/ModeRL

Mode-constrained model-based-reinforcement learning in TensorFlow/GPflow

Primary LanguagePython

ModeRL: Mode-constrained Model-based Reinforcement Learning via Gaussian Processes

This repo contains the code and source docs for our paper:


Mode-constrained Model-based Reinforcement Learning via Gaussian Processes
Proceedings of the 26th International Conference on Artificial Intelligence and Statistics (AISTATS) 2023
Aidan Scannell, Carl Henrik Ek, Arthur Richards
Paper
Model-based reinforcement learning (RL) algorithms do not typically consider environments with multiple dynamic modes, where it is beneficial to avoid inoperable or undesirable modes. We present a model-based RL algorithm that constrains training to a single dynamic mode with high probability. This is a difficult problem because the mode constraint is a hidden variable associated with the environment’s dynamics. As such, it is 1) unknown a priori and 2) we do not observe its output from the environment, so cannot learn it with supervised learning. We present a nonparametric dynamic model which learns the mode constraint alongside the dynamic modes. Importantly, it learns latent structure that our planning scheme leverages to 1) enforce the mode constraint with high probability, and 2) escape local optima induced by the mode constraint. We validate our method by showing that it can solve a simulated quadcopter navigation task whilst providing a level of constraint satisfaction both during and after training.

ModeRL

Install

Create a virtual environment:

cd /path/to/moderl
python -m venv moderl-venv
source moderl-venv/bin/activate

Install ModeRL in editable mode with dependencies needed for experiments:

pip install -e ".[experiments]"

Running and plotting

See experiments/ for detailed instructions on running all of the experiments in the paper.
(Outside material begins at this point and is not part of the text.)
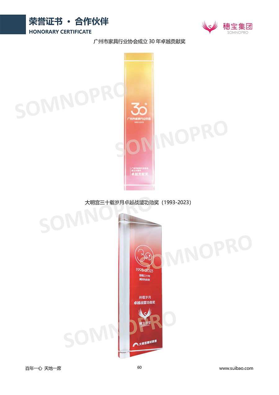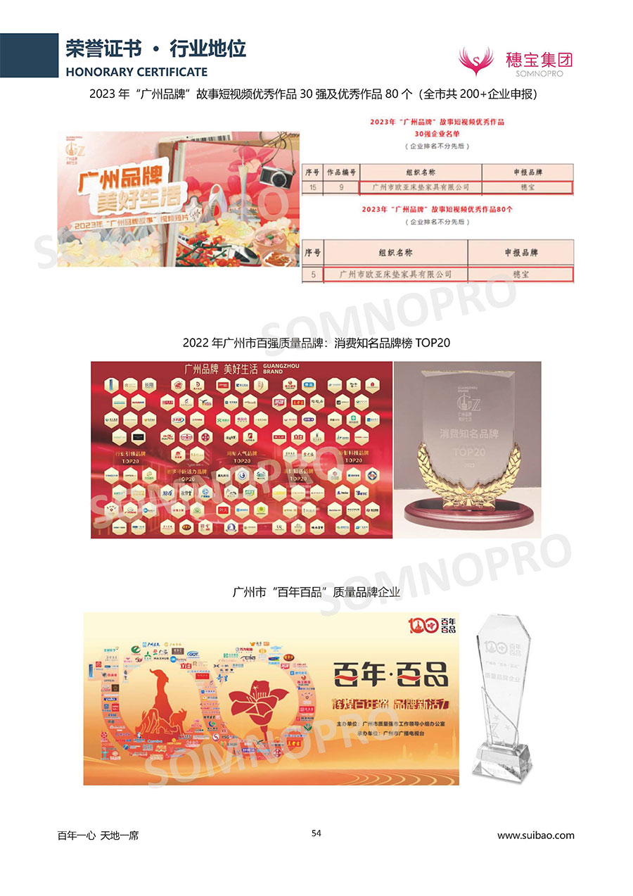 自1971年獨立研發(fā)生產(chǎn)出專屬國人的彈簧床墊,穗寶關(guān)于優(yōu)質(zhì)深度睡眠的研究已有半個世紀(jì)的歷史。穗寶一直專注床墊,專注中國消費(fèi)者的睡眠研究,針對中國人特點進(jìn)行優(yōu)化創(chuàng)新,不斷提升國人的睡眠體驗,只為成就每個晚上8小時的優(yōu)質(zhì)深度睡眠。憑借不斷革新的研發(fā)科技和深受消費(fèi)者信賴的產(chǎn)品品質(zhì),穗寶集團(tuán)旗下品牌和產(chǎn)品屢獲國內(nèi)外大獎,連續(xù)20年榮膺中國500最具價值品牌,品牌價值高達(dá)302.89億元。

As an example, the ModeRL experiment with a schedule that tightens the constraint level during training can be run with:

cd ./experiments
python train.py +experiment=constraint_schedule

See the example notebook to see how to use ModeRL in practice.

Citation

@proceedings{scannell2023moderl,
    title={Mode-constrained Model-based Reinforcement Learning via Gaussian Processes},
    author={Scannell, Aidan and Ek, Carl Henrik and Richards, Arthur},
    booktitle = {International {{Conference}} on {{Artificial Intelligence}} and {{Statistics}}},
    year={2023}
}